Without the pictures, output the records below exactly as they are.

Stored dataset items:
--- START ---
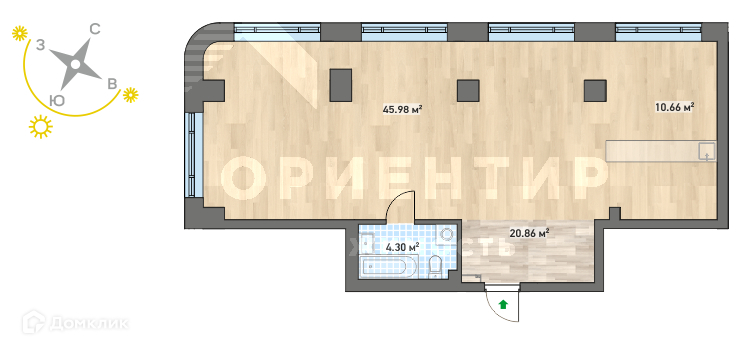 Жилая площадь 46 м2
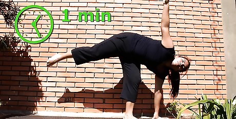 Hold the pose for up to a minute. Do not hold the pose longer than is comfortable for you. You may only be able to hold it for 30 seconds. If you feel any strain or dizziness, you should come down from the pose. To exit the pose, exhale as you lower your left leg. Transition back into extended triangle pose. Make sure to exhale as you lift your torso when transitioning back into extended triangle.
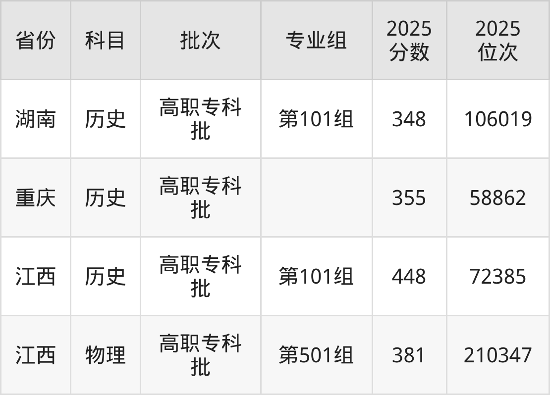 江汉艺术职业学院001组:2025年投档录取最低分为343分,录取最低位次为293359名。
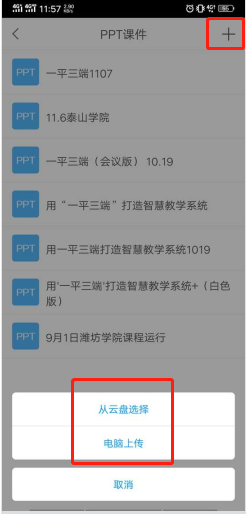 1、学习通打开课程,点击教案按钮,点击右上角"+"加号,从云盘或从电脑上传ppt。(支持ppt\pptx等文件格式)
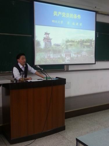 党校教授、原党委办公室主任张诚教授为全体学员讲解了《党员的基本条件》一课,本课程由轻纺与食品学院学生科科长冯国涛老师主持。
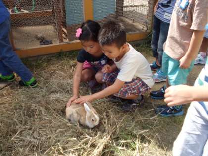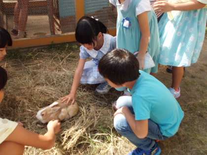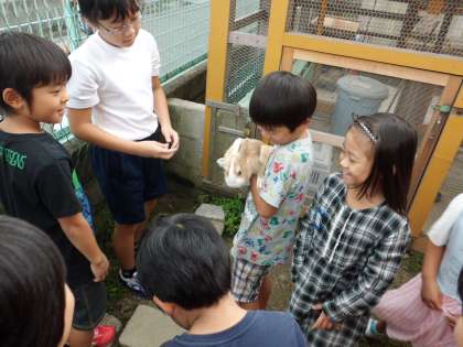 飼育委員さんが1年生のためにふれあい会を企画してくれました。初めて触れるモカとジャックに,どきどきわくわく。「意外と毛がしっかりしてる!」「ふわふわで可愛い!」といろいろな発見をしていました。
--- END ---
**Exercise solution**
 Жилая площадь 46 м2
 Hold the pose for up to a minute. Do not hold the pose longer than is comfortable for you. You may only be able to hold it for 30 seconds. If you feel any strain or dizziness, you should come down from the pose. To exit the pose, exhale as you lower your left leg. Transition back into extended triangle pose. Make sure to exhale as you lift your torso when transitioning back into extended triangle.
 江汉艺术职业学院001组:2025年投档录取最低分为343分,录取最低位次为293359名。
 1、学习通打开课程,点击教案按钮,点击右上角"+"加号,从云盘或从电脑上传ppt。(支持ppt\pptx等文件格式)
 党校教授、原党委办公室主任张诚教授为全体学员讲解了《党员的基本条件》一课,本课程由轻纺与食品学院学生科科长冯国涛老师主持。
 飼育委員さんが1年生のためにふれあい会を企画してくれました。初めて触れるモカとジャックに,どきどきわくわく。「意外と毛がしっかりしてる!」「ふわふわで可愛い!」といろいろな発見をしていました。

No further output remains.